Lipid extraction and determination
In the experiments described above, at the end of the treatment period, cells adherent to the dishes were harvested in ice-cold water (2 ml) by scraping with a rubber policeman. Cells floating in the culture medium were collected by centrifugation. Adherent and floating cells were analysed to determine lipid-associated radioactivity content. Samples were freeze-dried and lipids were extracted and subjected to a two-phase partitioning as previously described [8], resulting in the separation of an aqueous phase containing gangliosides and an organic phase containing all other lipids. Aliquots of total lipid extracts, aqueous and organic phases, were analysed by HPTLC as described below followed by radioactivity imaging for quantification of radioactivity. Identity of radioactive lipids separated by HPTLC (using HPTLC Silica Gel 60 plates from Merck, Germany) was assessed by comigration with standard lipids and confirmed as previously described [18,19].
Enzymatic assay
For acid and neutral SMase assays, cells cultured as described above were harvested using a plastic scraper and washed twice with PBS. Cells were lysed in 0.2% (v/v) Triton-X 100/H2O for 10 min at 4 °C and then sonicated 3 times for 10 s. For the ceramidase assay, cells cultured as described above were harvested using a plastic scraper and washed twice with PBS. Cells were resuspended in 20 mM Tris/HCl (pH 7.4), 20 mg of cell-protein/ml, with protease inhibitors [2 mM 4-(2-aminoethyl)-benzenesulphonyl fluoride, 0.0016 mM aprotinin, 0.044 mM leupeptin, 0.08 mM bestatin, 0.03 mM pepstatin A and 0.028 mM E-64] (Sigma) and homogenized with a Dounce homogenizer (10 strokes, tight). The activity of ceramidases, and acid and neutral SMases was assayed as previously described [8,20,21].

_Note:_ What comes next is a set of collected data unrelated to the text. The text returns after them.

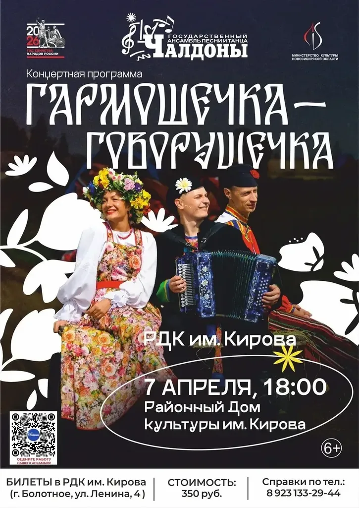 В начале апреля наш зал наполнится звуками самого родного и душевного инструмента. Государственный ансамбль песни и танца «Чалдоны» представит концертную программу, полностью посвящённую гармони — символу русской культурной жизни.
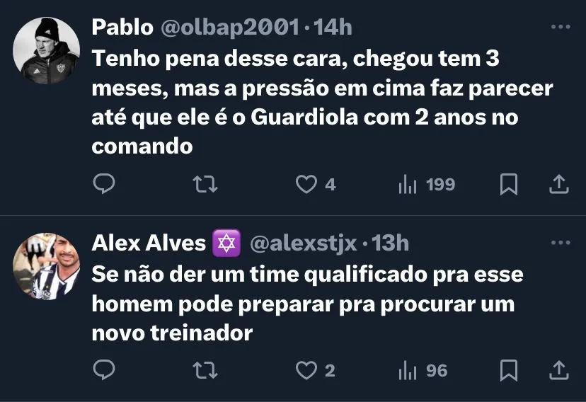 Mas, apesar disso, ele tem apenas duas derrotas até o momento. Em 16 jogos no comando do Clube, são cinco empates, nove vitórias e dois revés. O treinador argentino também conquistou o título Mineiro com o Galo, com um empate e uma vitória sobre o rival, Cruzeiro.
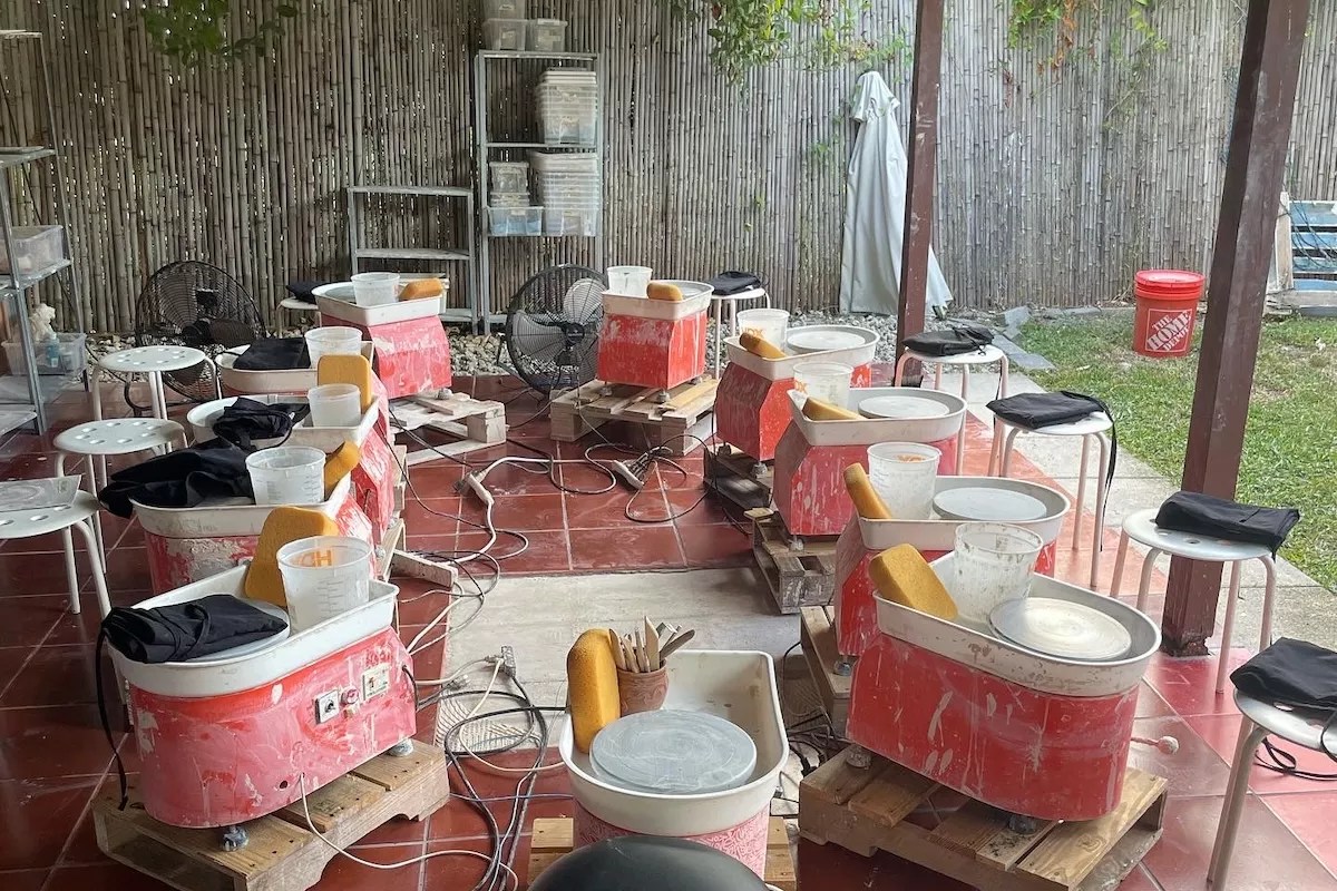After buying a pottery wheel and diving deep into YouTube to learn about working with clay, they moved to an Edgewater property with a mango tree-shaded backyard and an Airbnb space. They thought ceramics classes would be fun to offer guests, but two months after their first class with friends, the two had already quit their full-time jobs in tech to build a pottery school.

Radioactive lipids were detected and quantified by radioactivity imaging performed with a Beta-Imager 2000 (Biospace, Paris, France) using an acquisition time of approx. 70 h. The radioactivity associated with individual lipids was determined with specific β-Vision software provided by Biospace.
Real-time PCR analysis
Real-time PCR was performed with cDNA synthesized from 5 μg of RNA using the ImProm-II™ Reverse Transcription System kit (Promega) according to the manufacturer's instructions. RNA was isolated using the SV Total RNA Isolation System (Promega). Independent measurements (three per sample) were performed using 2 μl of cDNA as the sample. For PCR reactions, light cycler Fast Start DNA Master SYBR® Green (Roche) was used.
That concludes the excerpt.